**EXERCISE BRIEF**
Restate word for word the lines of the listing below, from its first line through the line with "瓷砖大板结合玫瑰金不锈钢包边及墙布装饰,彰显简约的现代风", without the pictures.

**DATA TO EXAMINE**

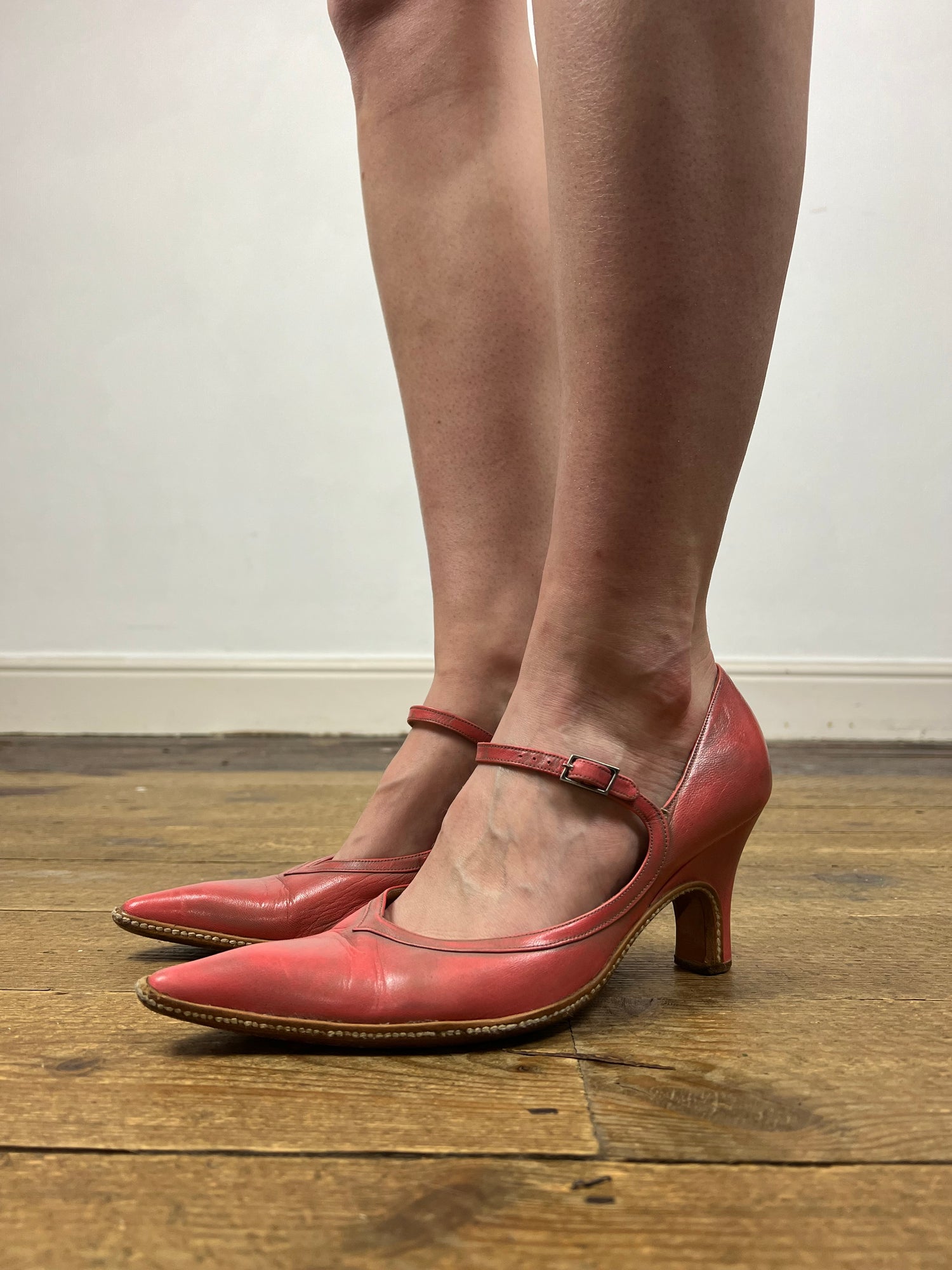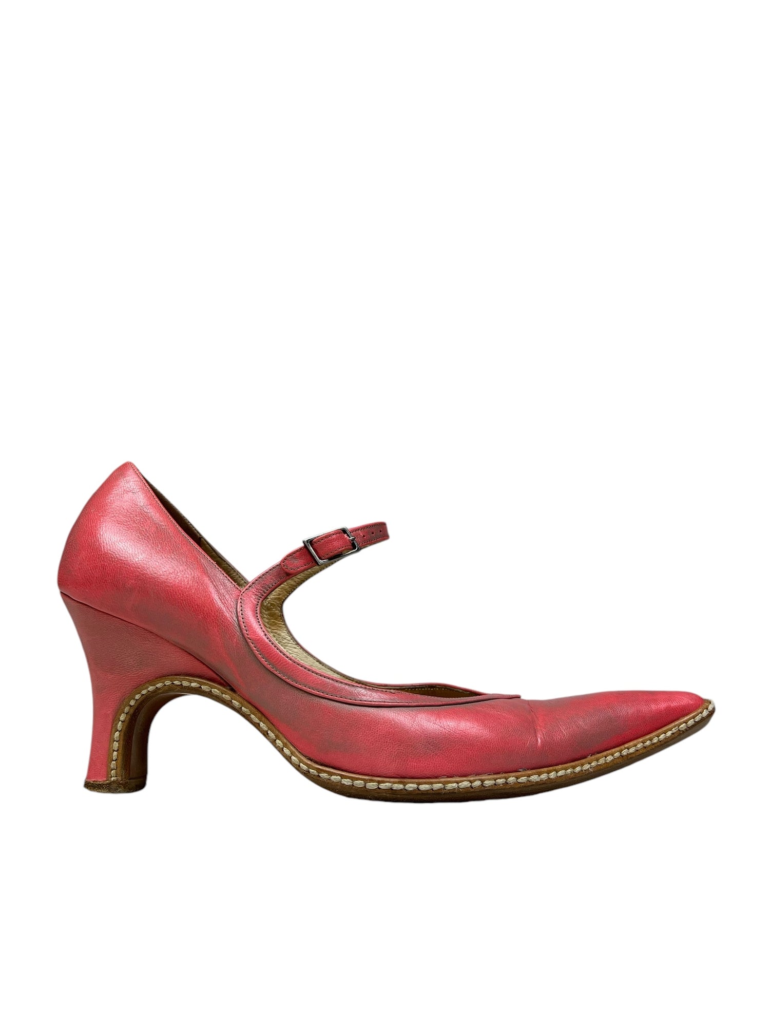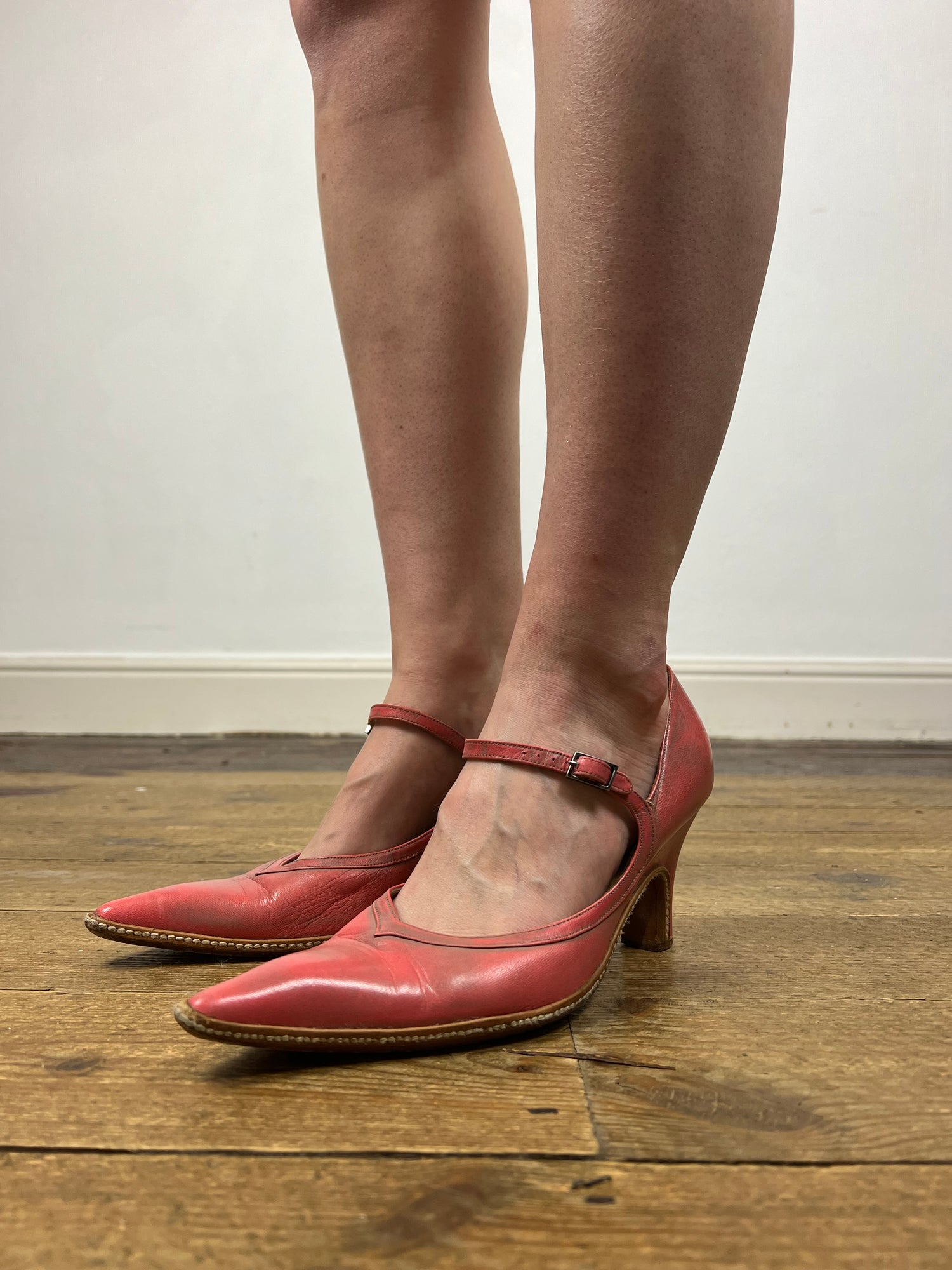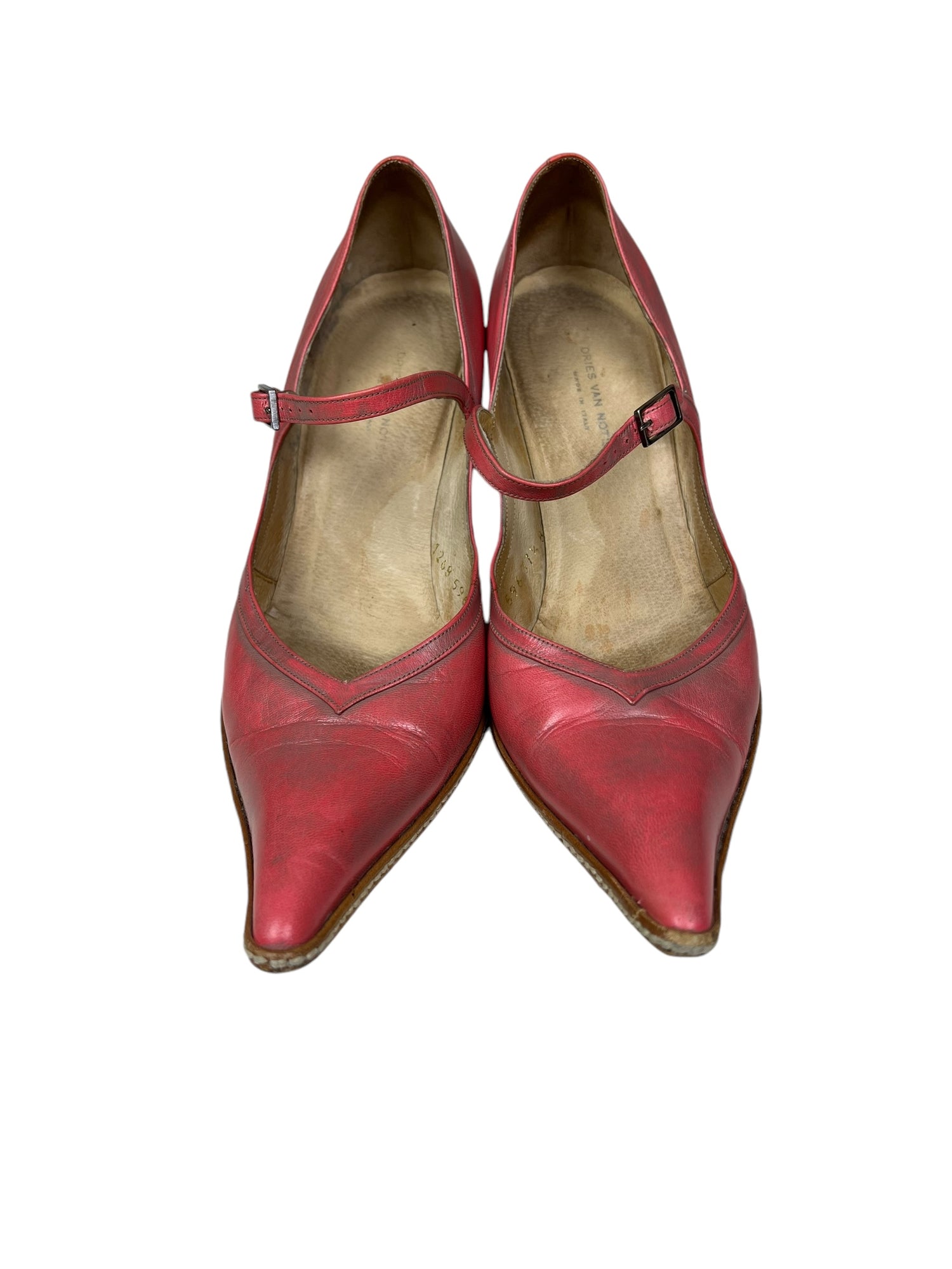 Dries van Noten S/S 2002 kitten heels. Size UK4.5 (EU37.5 / US6.5). Coral pink colour with an aged finished. All details below:
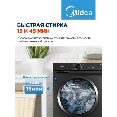 Стиральная машина узкая Midea MF100W70/S-RU, 40 см, 7 кг, 15 программ, 1200 об/мин, отложенный старт, черный
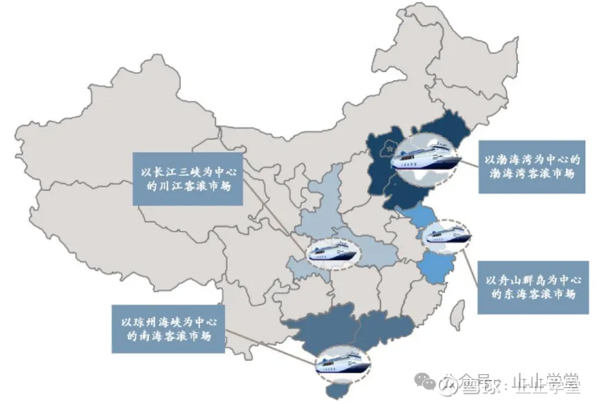 因为天然的地理因素,我国形成了4个客滚船运输市场。以渤海湾为中心的渤海湾客滚运输市场,以琼州海峡为中心的南海客滚运输市场,以杭州湾为中心的东海客滚运输市场和以长江三峡为中心的川江客滚运输市场。
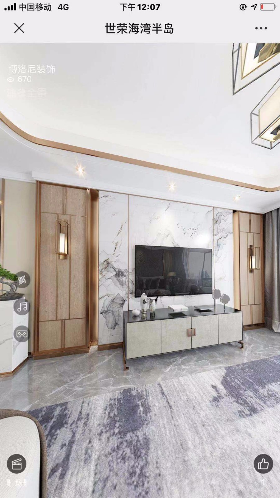瓷砖大板结合玫瑰金不锈钢包边及墙布装饰,彰显简约的现代风
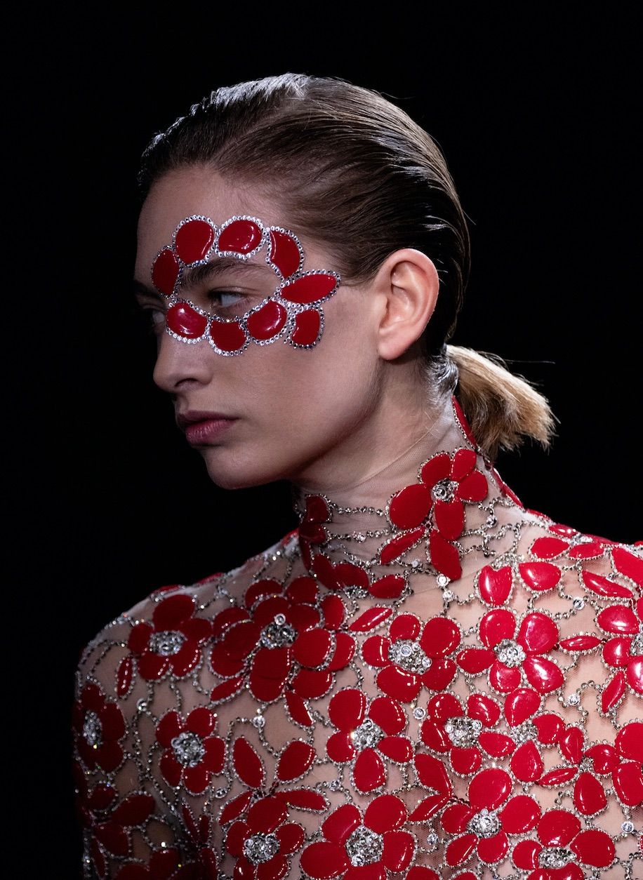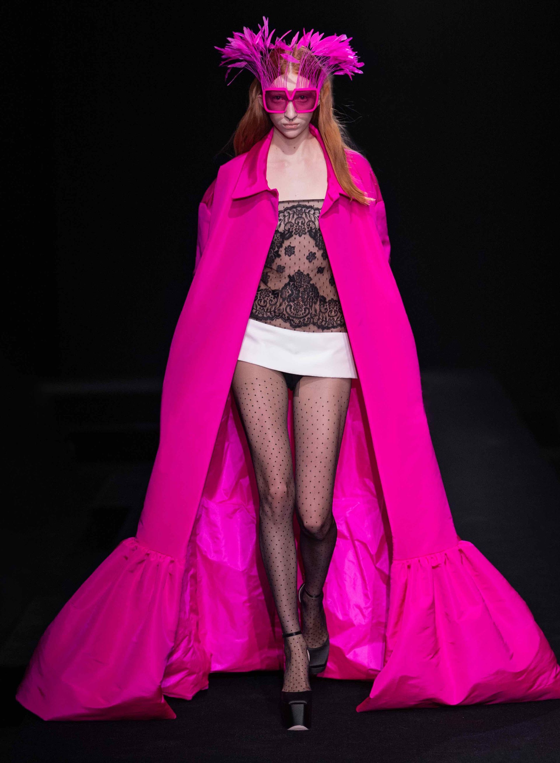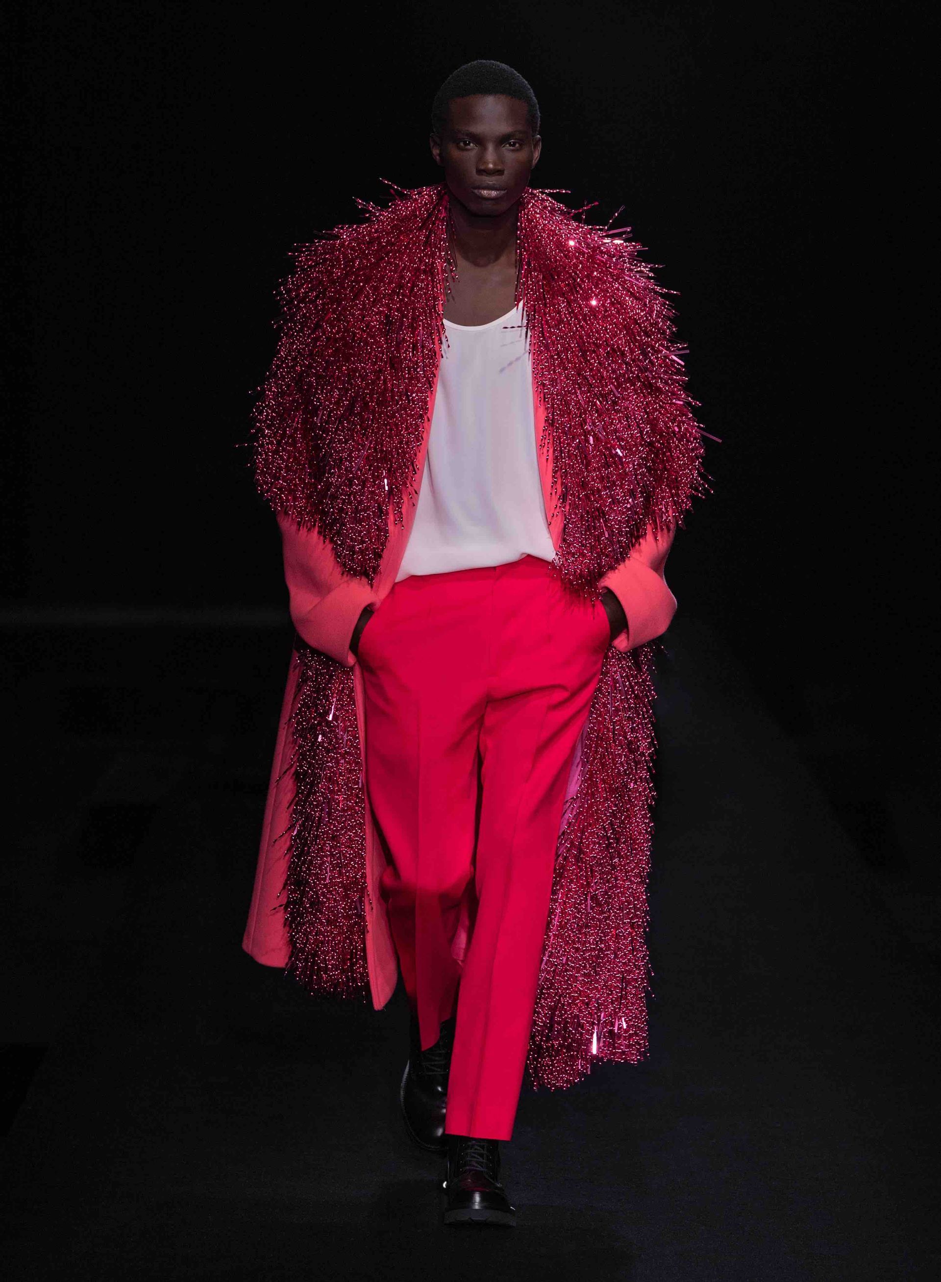 Sequined mini dresses with opera gloves and a lot of ruffled dresses in pink combined with black and also green could be seen. Graphic black and white elements appeared and of course the Valentino red in different shades. Strikingly beautiful were the many coat creations in different cuts, some so long that they had a train. When there were tight-fitting creations, they were playful with ruffles or bows or encrusted with crystals and sequins so that the silhouette was elegantly veiled. Also present at the show was Valentino's trademark PP Pink, which only appeared sporadically as a belt, men's jumper or coat.
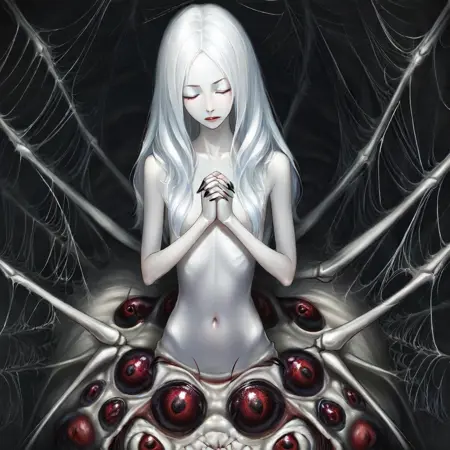 WFairlady, white hair, hair censor, closed eyes, white skin, long black nail, spiky fingernail, praying, arthropod girl, spider girl, arachne, half spider, white spider legs, solo, 1girl
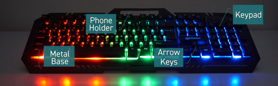 This Gaming Keyboard features an intelligent, robust design to guarantee sturdiness and comfort, while each key offers quiet, responsive keystrokes. Whether you're playing in an intense gaming session, navigating expansive spreadsheets or entering numeric data, the keyboard equips you with hushed efficiency in nearly any setting. Colorful LED backlighting that pulsates or holds steady is visually pleasing, and it's helpful in low-light settings. A perfect replacement or complement to any Windows® computer, the Manhattan Gaming Keyboard - Metal Base Edition is an essential component of any gamer's field of play.
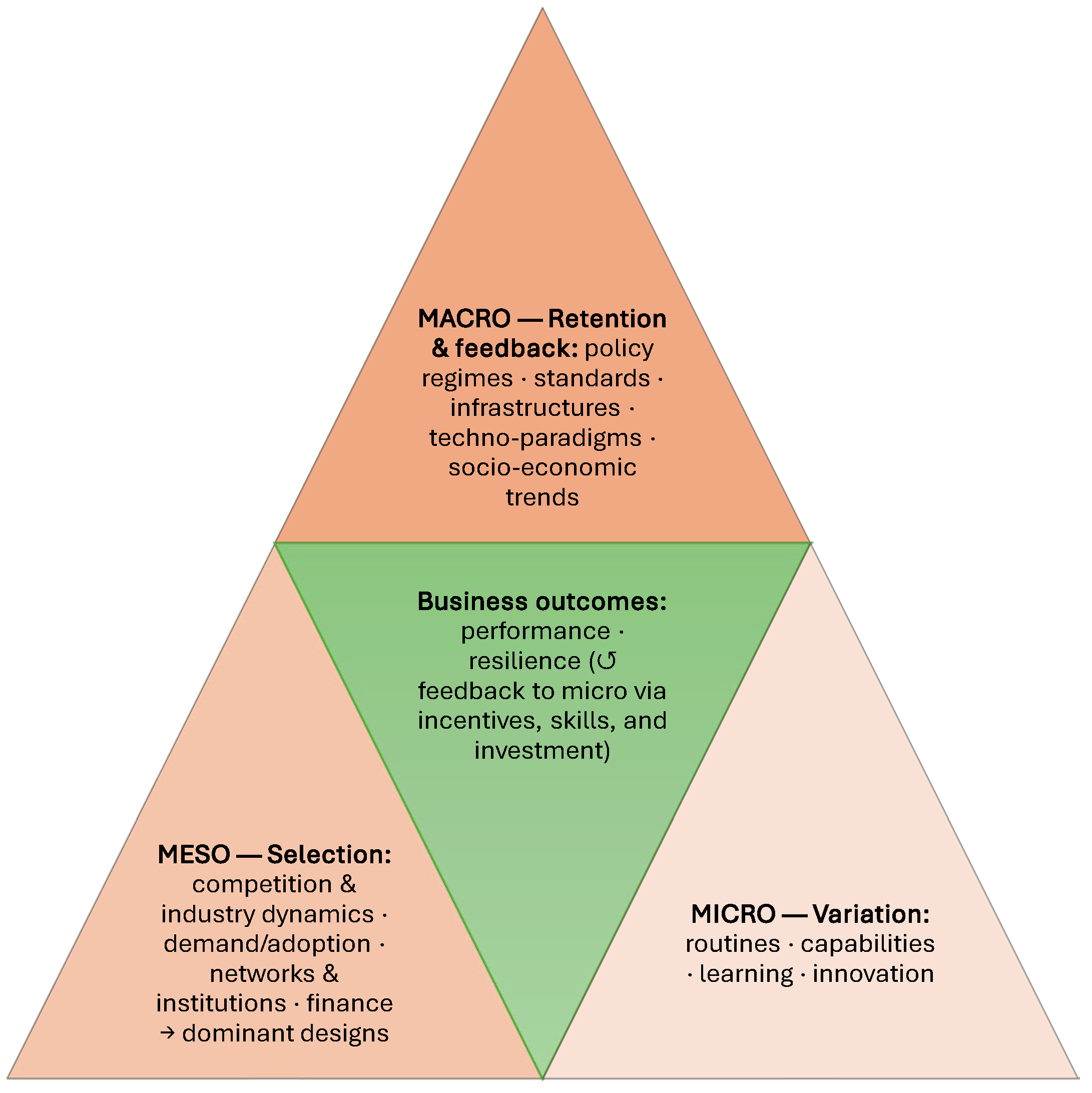 One of the most promising aspects of evolutionary economics for business education is its integration of macro-, meso-, and micro-level analysis. This framework—developed by scholars such as Kurt Dopfer and expanded by others—offers a coherent way to understand how individual firm strategies, industry dynamics, and macroeconomic trends interconnect [11,79,80,81,82].

**SOLUTION TO THIS EXERCISE**
 Dries van Noten S/S 2002 kitten heels. Size UK4.5 (EU37.5 / US6.5). Coral pink colour with an aged finished. All details below:
 Стиральная машина узкая Midea MF100W70/S-RU, 40 см, 7 кг, 15 программ, 1200 об/мин, отложенный старт, черный
 因为天然的地理因素,我国形成了4个客滚船运输市场。以渤海湾为中心的渤海湾客滚运输市场,以琼州海峡为中心的南海客滚运输市场,以杭州湾为中心的东海客滚运输市场和以长江三峡为中心的川江客滚运输市场。
瓷砖大板结合玫瑰金不锈钢包边及墙布装饰,彰显简约的现代风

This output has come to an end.